**Available records**
***
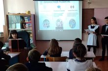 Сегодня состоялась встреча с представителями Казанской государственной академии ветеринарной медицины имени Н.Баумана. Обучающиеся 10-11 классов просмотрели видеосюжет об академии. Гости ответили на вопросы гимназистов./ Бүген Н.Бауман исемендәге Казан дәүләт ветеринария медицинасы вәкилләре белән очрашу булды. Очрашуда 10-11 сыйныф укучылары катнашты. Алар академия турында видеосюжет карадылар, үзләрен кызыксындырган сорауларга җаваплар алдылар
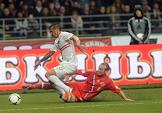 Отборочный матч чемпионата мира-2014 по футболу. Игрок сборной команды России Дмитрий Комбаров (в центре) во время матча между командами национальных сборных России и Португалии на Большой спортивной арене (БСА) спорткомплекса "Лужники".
***
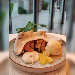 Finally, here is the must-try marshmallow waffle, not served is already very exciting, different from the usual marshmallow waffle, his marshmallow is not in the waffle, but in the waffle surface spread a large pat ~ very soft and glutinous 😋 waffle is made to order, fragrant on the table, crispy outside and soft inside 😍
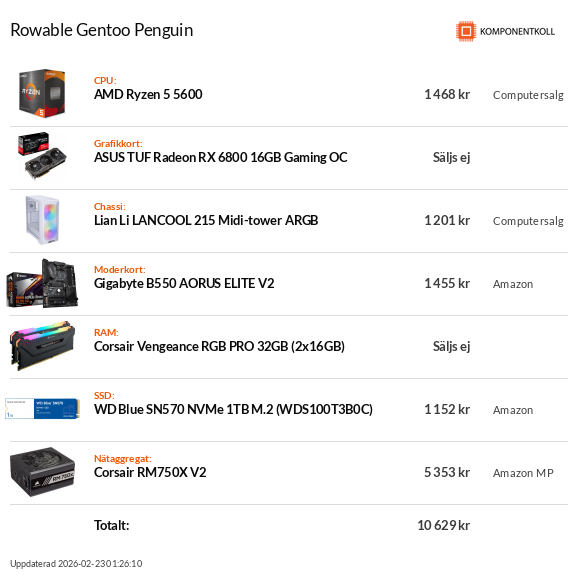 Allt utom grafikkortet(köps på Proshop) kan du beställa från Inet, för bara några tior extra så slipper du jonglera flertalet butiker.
***
**Exercise instructions**
Reproduce the lines above starting at the one with "Сегодня состоялась встреча" and ending at the one with "Отборочный матч чемпионата", both included, exactly and with no pictures.

**Result**
 Сегодня состоялась встреча с представителями Казанской государственной академии ветеринарной медицины имени Н.Баумана. Обучающиеся 10-11 классов просмотрели видеосюжет об академии. Гости ответили на вопросы гимназистов./ Бүген Н.Бауман исемендәге Казан дәүләт ветеринария медицинасы вәкилләре белән очрашу булды. Очрашуда 10-11 сыйныф укучылары катнашты. Алар академия турында видеосюжет карадылар, үзләрен кызыксындырган сорауларга җаваплар алдылар
 Отборочный матч чемпионата мира-2014 по футболу. Игрок сборной команды России Дмитрий Комбаров (в центре) во время матча между командами национальных сборных России и Португалии на Большой спортивной арене (БСА) спорткомплекса "Лужники".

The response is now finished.